Despite all these figures, many homeless survivors, like Morancy, have expressed growing frustration with the lack of access to some of the most basic living conditions.

Others complain about the unbearable heat generated by the plastic tents exposed to a burning sun in wide open areas, mostly without any vegetation to provide shade. Survivors also expressed concern about the current rainy and hurricane seasons that could cause another disaster if appropriate precautionary measures are not taken immediately.

“Here, it’s like hell. When it rains we are flooded, when it is sunny, the heat is killing us,” said Jonas Meridien, living in a camp near the national road #1.

U.N. officials said that 170,000 homes affected by the quake have so far been assessed. And about 30 percent of them are habitable while 40 percent that are seriously damaged can be repaired.

On top of the 3,700 houses already built, the U.N. announced the construction of 12,000 more as part of a plan to build 125,000 homes by the end of August 2011. The Red Cross separately plans to build 30,000 and has already started construction for the first 300 transitional houses near Cite Soleil slum in the capital.

The U.N. and the Haitian government have come under intense criticism from opposition parties and other sectors that blame them for lack of actions and absence of leadership in the recovery and reconstruction efforts.

But the U.N. and the Haitian government have rejected criticism that suggests that they have not been doing much to try to assist the affected population.

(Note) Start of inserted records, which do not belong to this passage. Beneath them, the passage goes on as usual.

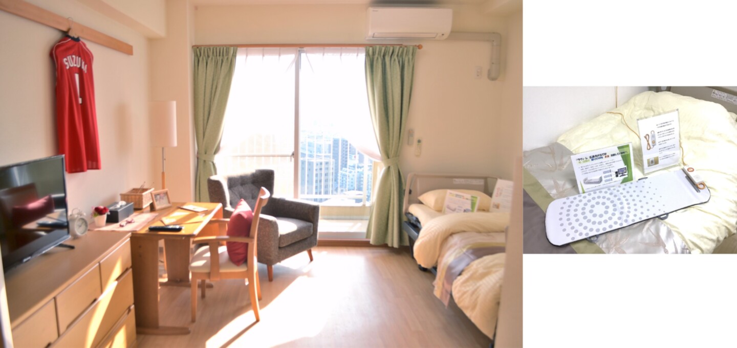介護ベッドの下には【睡眠センサー】を設置しており、ご入居者さまの「眠りの状態」をスキャンし、睡眠障害の改善、眠りのリズムを整えて健康促進につなげています。
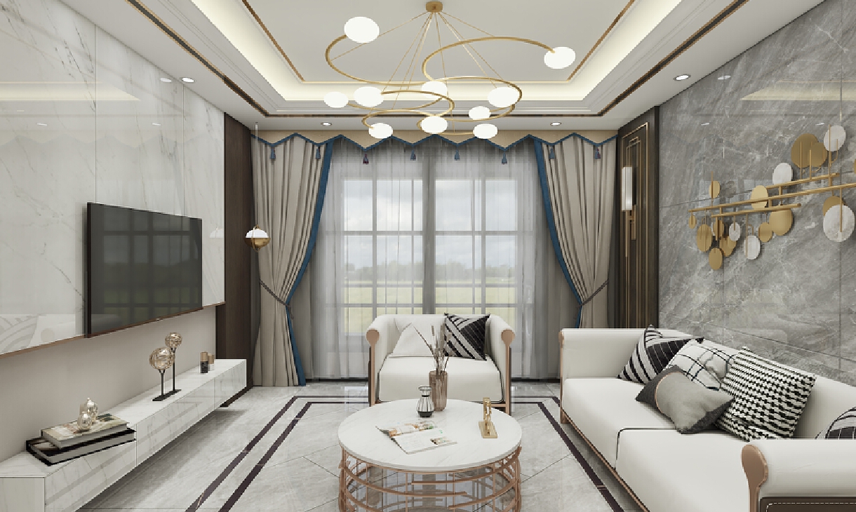 客廳以灰色的地面為底,各種性格鮮明的線條、充斥在空間的細節處。營造出舒適、通透、合理的使用空間,讓整個空間透著一種清澈、靜怡、寧和、雅致之美。
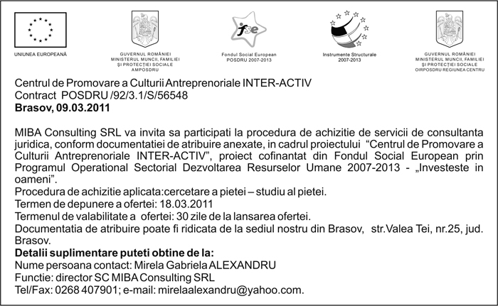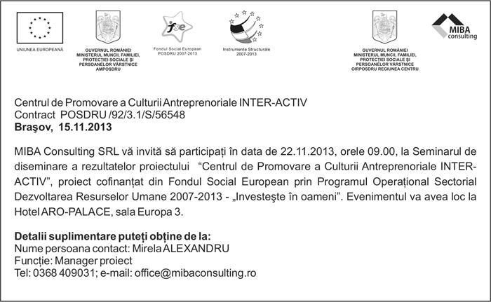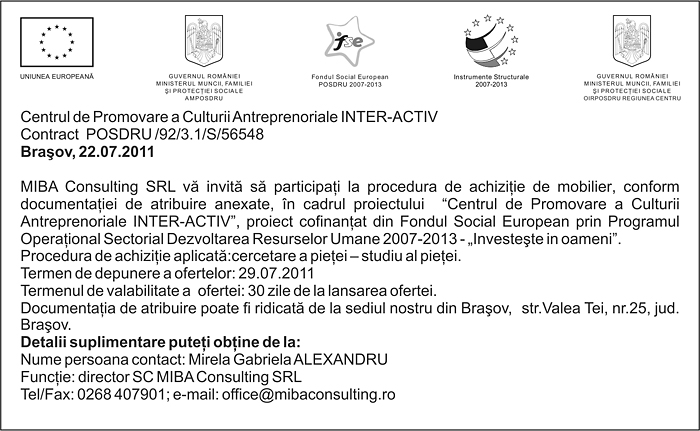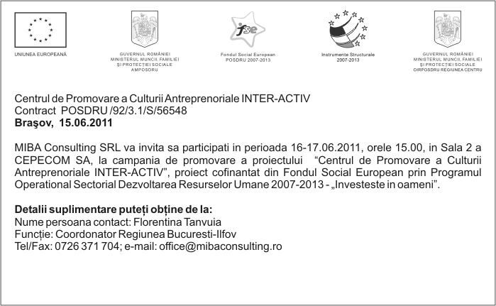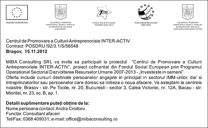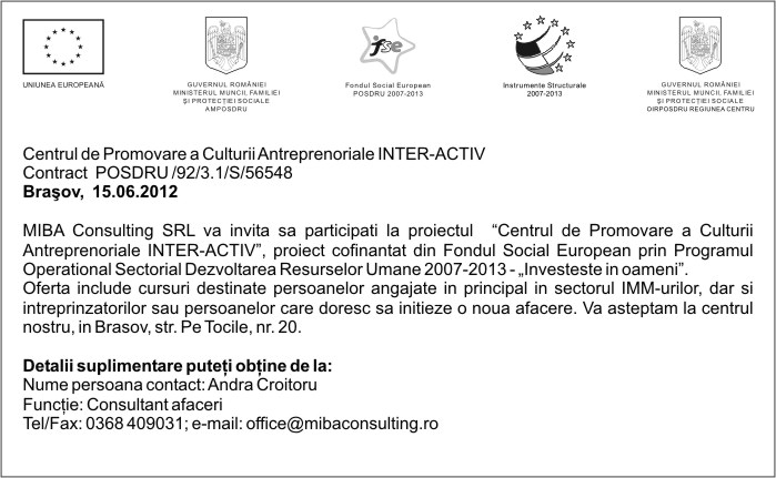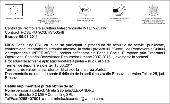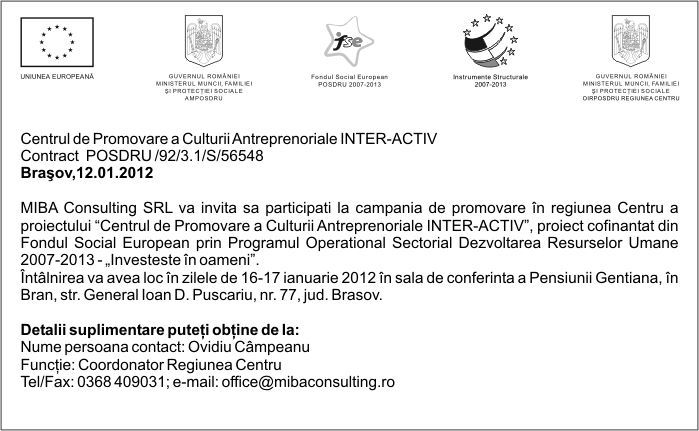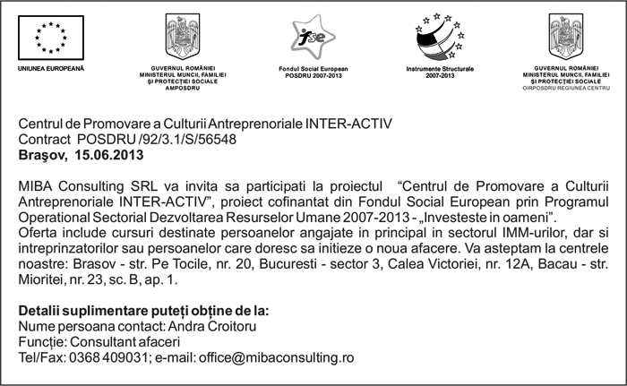 Pentru informatii detaliate despre celelalte programe cofinantate de Uniunea Europeana, va invitam sa vizitati www.fonduri-ue.ro Continutul acestui material nu reprezinta in mod obligatoriu pozitia oficiala a Uniunii Europene sau a Guvernului Romaniei. |

“Some critics would say we did not do anything, you can see it is not true,” said Fisher acknowledging that there is a lot more remaining to be done.

U.N. and Haitian officials have complained that international donors have not actually contributed funds pledged during the March 31 conference in New York.

The U.N. has recently appealed for $1.4 billion for this year.

The international donor community pledged $5.3 billion over the next two years as part of $9.9 billion aid package to help rebuild the country over the next several years. But officials say only about 10 percent of pledged funds have been disbursed and continues to trickle in slowly.

Explains Fisher, “We have received promises [of] $900 million, of which $530 [million] have been received.”